#### [Task to carry out]
Wherever the line with "간혹 본인이 상간자 소송을" sits in the listing below, transcribe from it up to and including the line with "08年5月21日晚9点左右,我经过东湖看", exactly, and leave the remaining lines out.

#### [Available data]

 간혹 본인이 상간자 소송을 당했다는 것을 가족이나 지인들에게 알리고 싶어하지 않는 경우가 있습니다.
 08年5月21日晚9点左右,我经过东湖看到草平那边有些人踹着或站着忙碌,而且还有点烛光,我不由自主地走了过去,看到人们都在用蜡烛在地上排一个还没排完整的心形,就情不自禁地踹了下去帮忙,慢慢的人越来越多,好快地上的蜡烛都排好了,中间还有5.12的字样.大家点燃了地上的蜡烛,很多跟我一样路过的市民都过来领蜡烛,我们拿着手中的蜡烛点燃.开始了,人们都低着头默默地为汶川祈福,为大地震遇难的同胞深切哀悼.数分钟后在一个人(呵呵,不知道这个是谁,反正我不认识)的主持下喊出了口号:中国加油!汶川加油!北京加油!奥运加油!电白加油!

==

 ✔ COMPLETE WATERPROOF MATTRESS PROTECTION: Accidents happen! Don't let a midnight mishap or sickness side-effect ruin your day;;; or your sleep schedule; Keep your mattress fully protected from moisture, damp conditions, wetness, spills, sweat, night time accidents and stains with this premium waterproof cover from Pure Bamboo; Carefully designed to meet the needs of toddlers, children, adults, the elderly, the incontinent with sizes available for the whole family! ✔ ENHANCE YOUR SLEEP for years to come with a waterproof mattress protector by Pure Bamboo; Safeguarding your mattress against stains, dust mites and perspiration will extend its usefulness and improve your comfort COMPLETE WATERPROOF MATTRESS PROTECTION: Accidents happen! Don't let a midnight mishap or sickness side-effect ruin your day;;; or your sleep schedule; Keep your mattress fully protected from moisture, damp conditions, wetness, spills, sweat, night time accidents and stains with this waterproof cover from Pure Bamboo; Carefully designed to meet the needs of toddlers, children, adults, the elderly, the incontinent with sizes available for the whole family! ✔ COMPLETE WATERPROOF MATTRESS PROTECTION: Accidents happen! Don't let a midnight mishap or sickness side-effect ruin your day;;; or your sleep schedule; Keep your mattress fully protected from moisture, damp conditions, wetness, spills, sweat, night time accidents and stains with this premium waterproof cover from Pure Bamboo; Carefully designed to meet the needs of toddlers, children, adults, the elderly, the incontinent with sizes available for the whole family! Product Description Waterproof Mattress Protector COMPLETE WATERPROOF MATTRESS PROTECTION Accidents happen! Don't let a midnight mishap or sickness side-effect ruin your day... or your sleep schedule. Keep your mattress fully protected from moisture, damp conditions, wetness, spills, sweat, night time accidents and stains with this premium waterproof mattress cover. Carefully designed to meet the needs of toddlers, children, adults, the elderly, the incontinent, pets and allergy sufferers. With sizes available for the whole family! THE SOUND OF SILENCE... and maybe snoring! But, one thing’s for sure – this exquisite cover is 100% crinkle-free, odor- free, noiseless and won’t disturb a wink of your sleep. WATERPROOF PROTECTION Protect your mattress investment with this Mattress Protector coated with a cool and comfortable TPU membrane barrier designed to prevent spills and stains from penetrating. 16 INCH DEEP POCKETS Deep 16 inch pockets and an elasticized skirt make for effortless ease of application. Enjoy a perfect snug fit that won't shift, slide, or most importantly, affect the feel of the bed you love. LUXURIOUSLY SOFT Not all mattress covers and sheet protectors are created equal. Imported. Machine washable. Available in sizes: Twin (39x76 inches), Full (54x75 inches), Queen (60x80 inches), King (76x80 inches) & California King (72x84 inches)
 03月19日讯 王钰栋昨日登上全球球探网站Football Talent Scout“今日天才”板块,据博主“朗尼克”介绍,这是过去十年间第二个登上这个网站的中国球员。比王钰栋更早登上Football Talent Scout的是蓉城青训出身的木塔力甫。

--

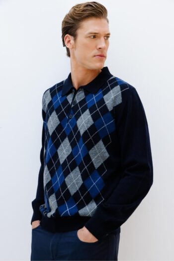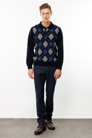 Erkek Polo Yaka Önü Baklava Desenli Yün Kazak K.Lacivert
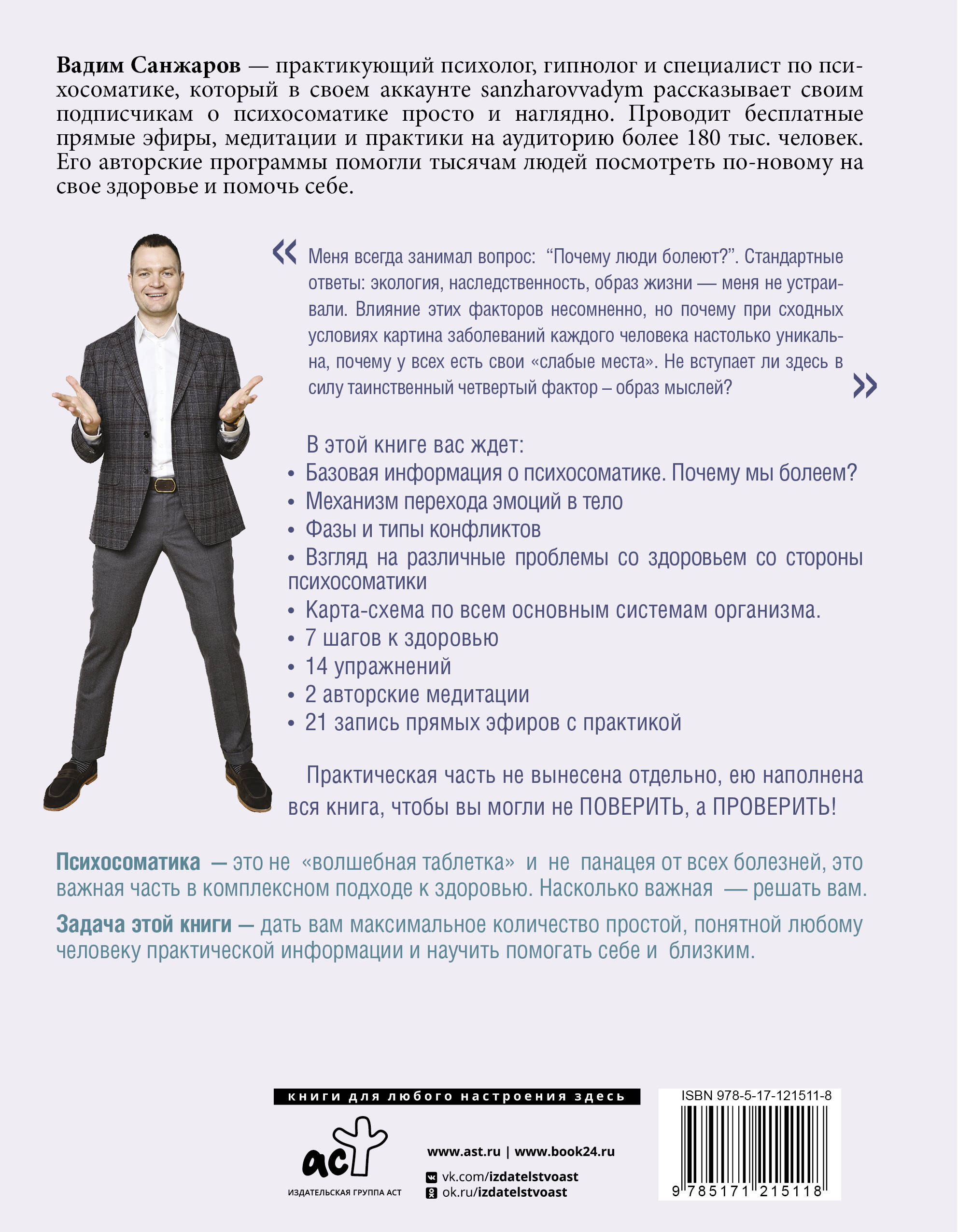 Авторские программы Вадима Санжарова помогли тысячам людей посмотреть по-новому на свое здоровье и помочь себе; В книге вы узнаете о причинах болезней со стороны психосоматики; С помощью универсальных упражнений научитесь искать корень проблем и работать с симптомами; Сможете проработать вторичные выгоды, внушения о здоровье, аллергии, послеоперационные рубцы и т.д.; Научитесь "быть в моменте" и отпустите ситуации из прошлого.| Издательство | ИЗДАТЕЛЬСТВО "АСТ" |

#### [Answer section]
 간혹 본인이 상간자 소송을 당했다는 것을 가족이나 지인들에게 알리고 싶어하지 않는 경우가 있습니다.
 08年5月21日晚9点左右,我经过东湖看到草平那边有些人踹着或站着忙碌,而且还有点烛光,我不由自主地走了过去,看到人们都在用蜡烛在地上排一个还没排完整的心形,就情不自禁地踹了下去帮忙,慢慢的人越来越多,好快地上的蜡烛都排好了,中间还有5.12的字样.大家点燃了地上的蜡烛,很多跟我一样路过的市民都过来领蜡烛,我们拿着手中的蜡烛点燃.开始了,人们都低着头默默地为汶川祈福,为大地震遇难的同胞深切哀悼.数分钟后在一个人(呵呵,不知道这个是谁,反正我不认识)的主持下喊出了口号:中国加油!汶川加油!北京加油!奥运加油!电白加油!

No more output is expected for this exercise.